These reports are provided only on a calendar quarter basis and, in any event,
are subject to delay and potential revision by the OEM. Therefore, the Company
is required to estimate all of the recurring product licensing revenues for the
last month of each fiscal quarter and to further estimate all of its quarterly
revenues from an OEM when the report from such OEM is not received in a timely
manner. In the event the Company is unable to estimate such revenues accurately
prior to public announcement of the Company's quarterly results, the Company may
be required to restate its recognized revenues or adjust revenues for subsequent
periods.

    Concentration of Revenues: The Company's major customers currently include,
among others, Adobe and Conexant and OEM customers Canon, IBM, Minolta and
Ricoh. Historically, a limited number of customers have provided a substantial
portion of Peerless' revenues. There presently are only a limited number of
customers in the digital document product market to which the Company markets
its technology and services. Therefore, the ability of the Company to replace a
lost customer or offset a significant decrease in the revenues from a customer
may be significantly limited.
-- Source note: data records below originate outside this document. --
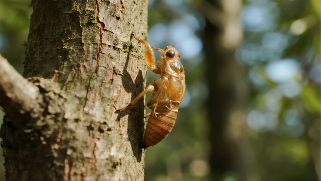 画面中是一只蝉蜕(蝉的幼虫外壳)附着在树干上,呈棕褐色,纹理清晰,背景是模糊的树林,展现出自然中的生
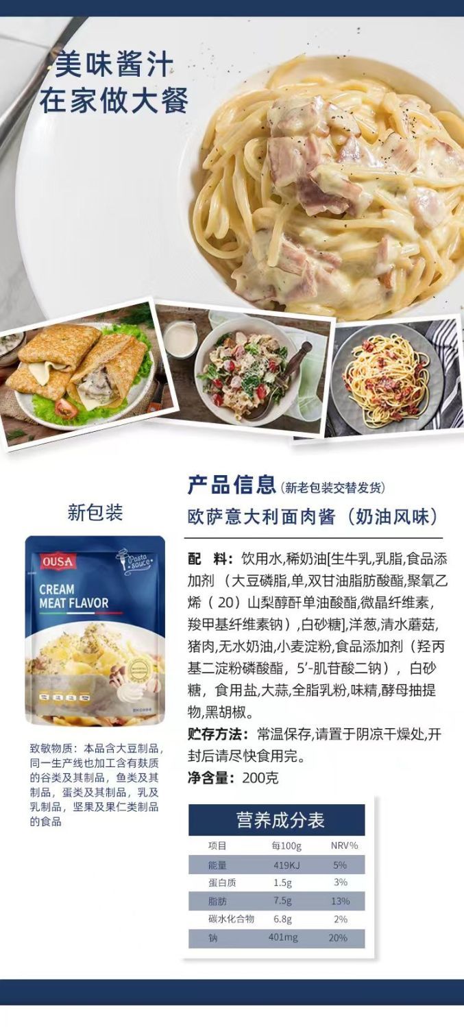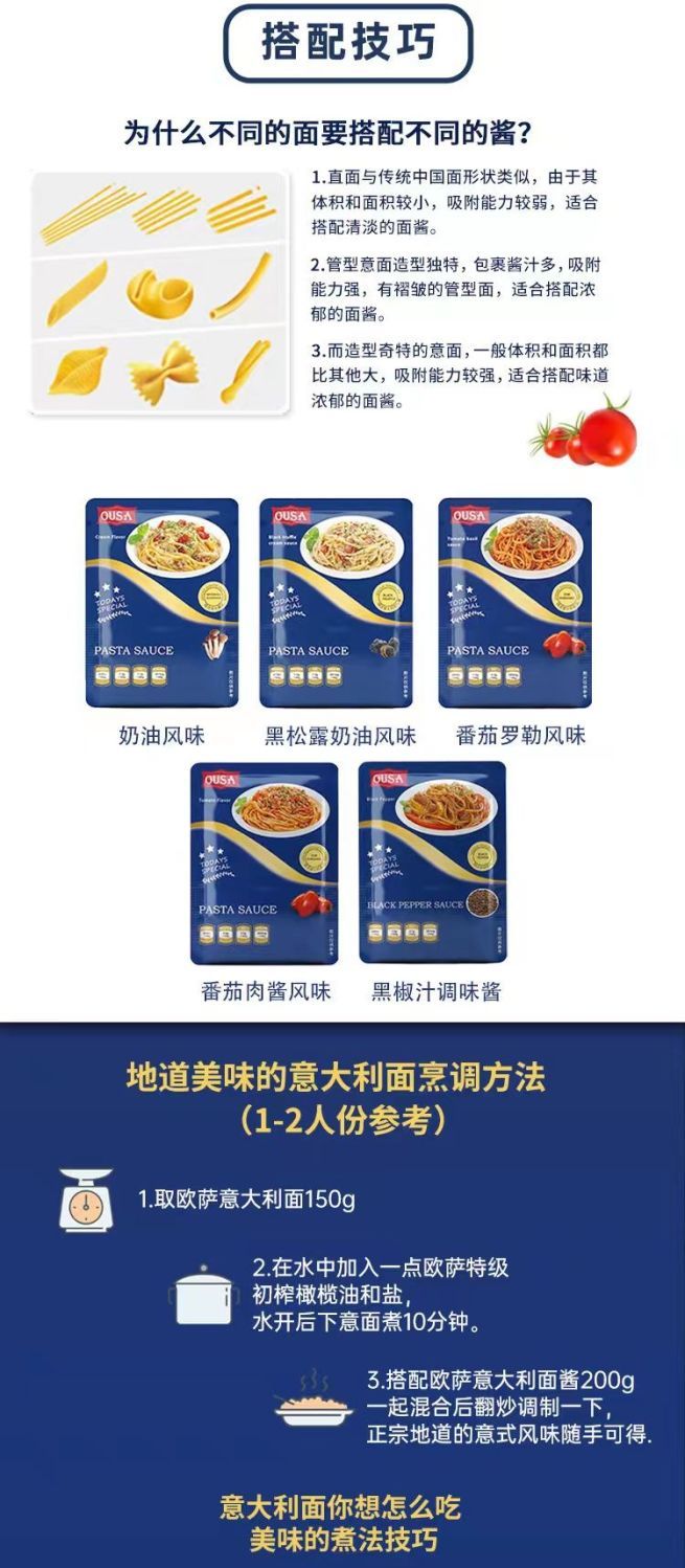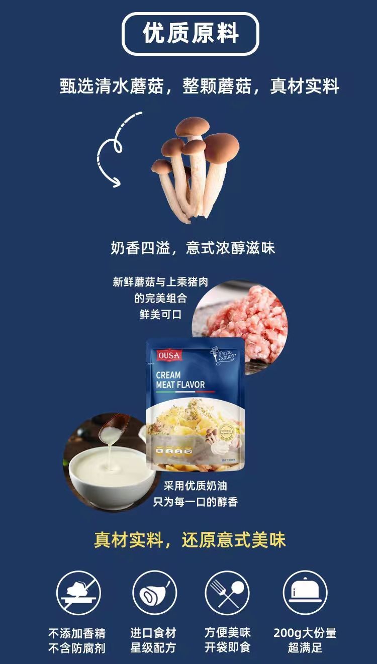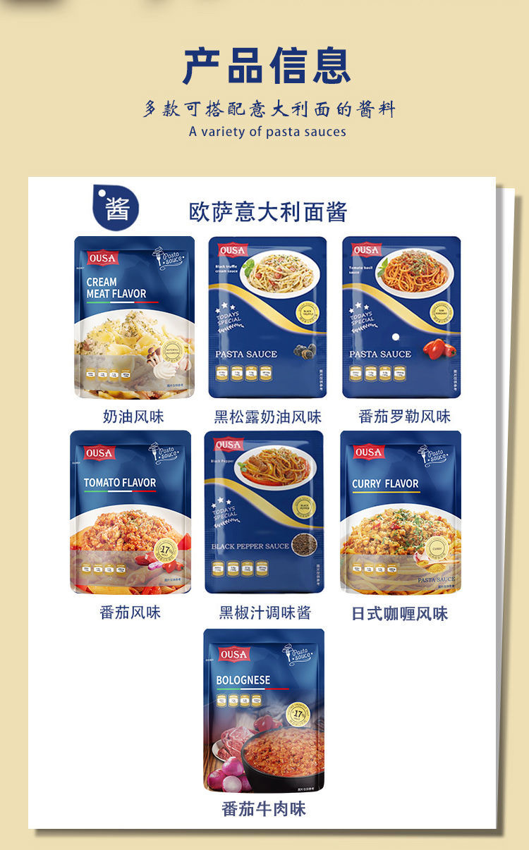 (特)欧萨意大利面肉酱奶油蘑菇风味意面意粉通心粉西餐酱料调料小炒酱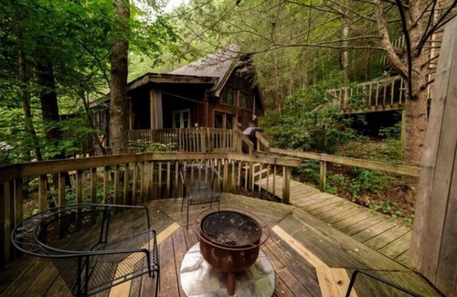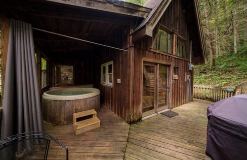 The Chalet of Quiet Waters is part of a five cabin complex connected by decks and wooden staircases. Perfect set up to bring friends or maybe you just want to be close to the heart of it all! Set in the heart of Natural Bridge State park close to restaurants and activities on Rt 11. Enjoy the Skylift, swimming pool, hiking trails, Underground Kayak tours. Walk to trails at the state park. This chalet has 2 floors with loft bedroom on second floor with a queen bed. May sleep up to 4 if the sleeper sofa in the living room is used. Comes with window AC, satellite Wi-Fi, Flat screen TV with Satellite TV, gas log fireplace, oven/stove, coffee maker, refrigerator/freezer, toaster, microwave. Cabin has bed linens, hand towels, dish towels & one bath towel per person. Outside is a gas grill, firepit with seating for all and a 5-6 person hot tub (hot tub is within view of public wooden staircase and Middle Fork Lodge). If you seek a more private hot tub we recommend the Butterfly Suite or check out other "Two Bedrooms Cabins" under Scenic Cabin Rentals.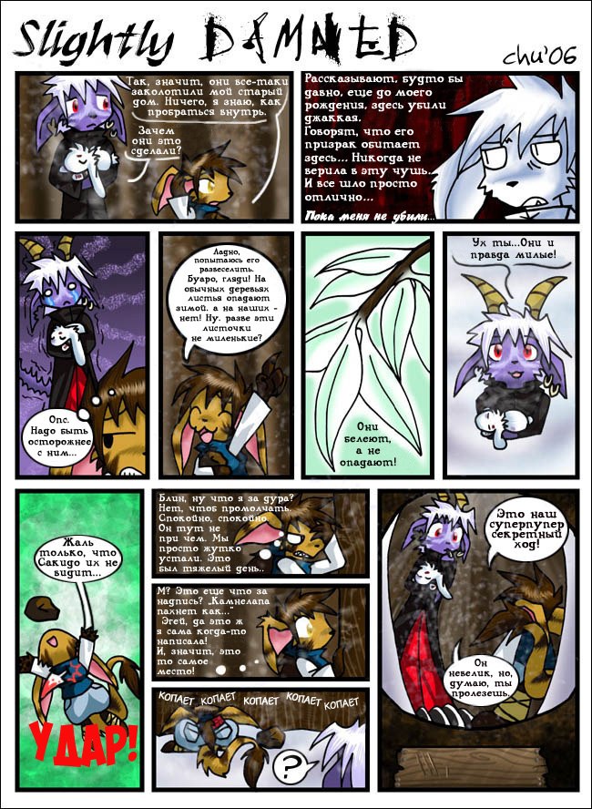 Hiya all! I'm gonna keep it short. July was a very busy month, and tomorrow I'll be off to another convention: Anthro Weekend Utah! I'm sorry I only managed to update Slightly Damned once this month. I did manage to get more pages done, but I decided I should wait until after I'm back from the convention to post more.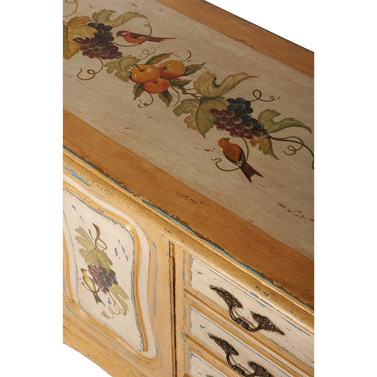 Product: Buffet Dimensions: 94"w x 22.5"d x 39"h Style: Handpainted wood Color: PL03/PL02 Apricot/Sand Motif: 1 - Fruits Origin: Brazil Product ID: LND-BUF-PT-310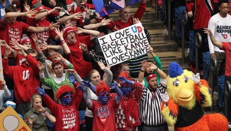 The Dayton Flyers fans holding up this sign aren’t rooting for any particular basketball player, but instead are asserting their love for University of Dayton basketball in general.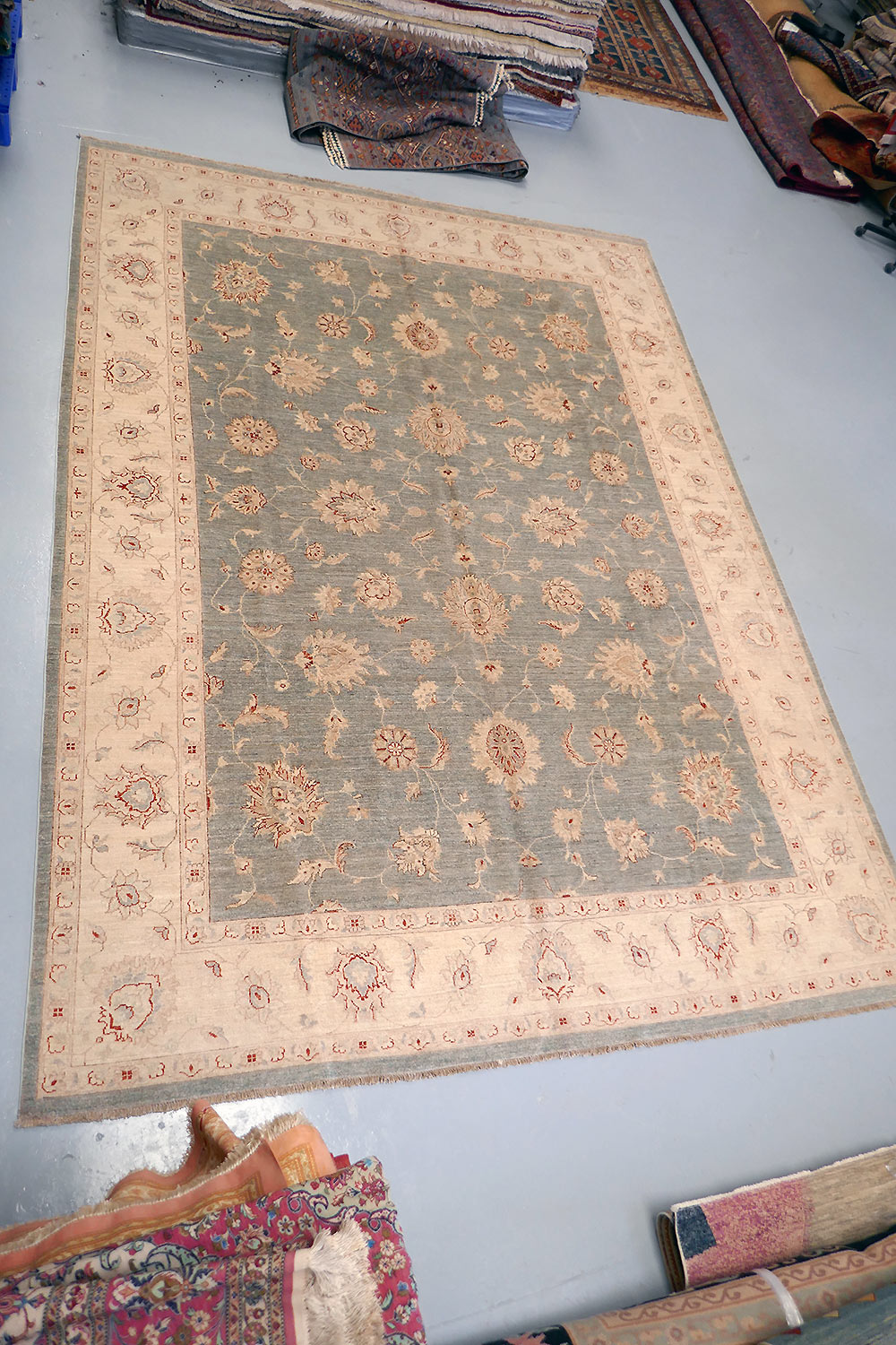 Dimensions : 359 x 272 cm -laine- Pays Afghanistan - Épaisseur : 9 mm - Densité de nouage : 200.000 Nœuds au m² - Surface : 9.76 m² - Poids : 29.29 Kgs - Age : contemporain - Confection : Noué main - Forme : Tapis de salon - Type : Tapis Oriental

The loss of a customer providing a significant
portion of the Company's revenues could have a material adverse effect on the
Company's operating results.

    Technological Changes: The market for the Company's products and services is
characterized by rapidly changing technology, evolving industry standards and
needs, and frequent new product introductions. The Company's success will depend
on, among other things: market acceptance of the Company's technology and the
digital document products of the Company's OEM customers; the ability of the
Company and its OEM customers to meet industry changes and market demands in a
timely manner; achievement of new design wins by the Company followed by the
OEMs' development of associated new digital document products; and the regular
and continued introduction of new and enhanced technology and services by the
Company and its OEMs on a timely and cost-effective basis. There can be no
assurance that the products and technology of competitors of the Company or its
OEMs will not render the Company's technology or its OEMs' products
noncompetitive or obsolete. Any failure by the Company or its OEMs to anticipate
or respond adequately to the rapidly changing technology and evolving industry
standards and needs, or any significant delay in development or introduction of
new and enhanced products and services, could result in a loss of
competitiveness or revenues, which could have a material adverse effect on the
Company's operating results.

    Seasonality: The Company believes that its business may be subject to
seasonal trends. In the digital document product industry, it is not unusual for
vendors to experience an increase in demand in the fourth calendar quarter
followed by a significant decrease in the following quarter. Although the
Company has attempted to manage this risk with the incorporation of guaranteed
minimum royalty commitments, the Company's product licensing revenues may be
negatively impacted by seasonality, if any, of unit shipments experienced by its
OEMs.

    The Year 2000 Issue: The Year 2000 Issue is the result of computer programs
being written using two digits rather than four to define the applicable year.
Any of the Company's computer programs that have date-sensitive software may
recognize a date using "00" as the year 1900 rather than the year 2000. This
could result in a system failure or miscalculations causing disruptions of
operations, including, among other things, a temporary inability to process
transactions, send invoices, or engage in similar normal business activities.
The Company has divided its review of the Year 2000 Issue into three major
areas: (1) internal systems, (2) Company products and (3) potential year 2000
problems associated with outside development partners, vendors and customers.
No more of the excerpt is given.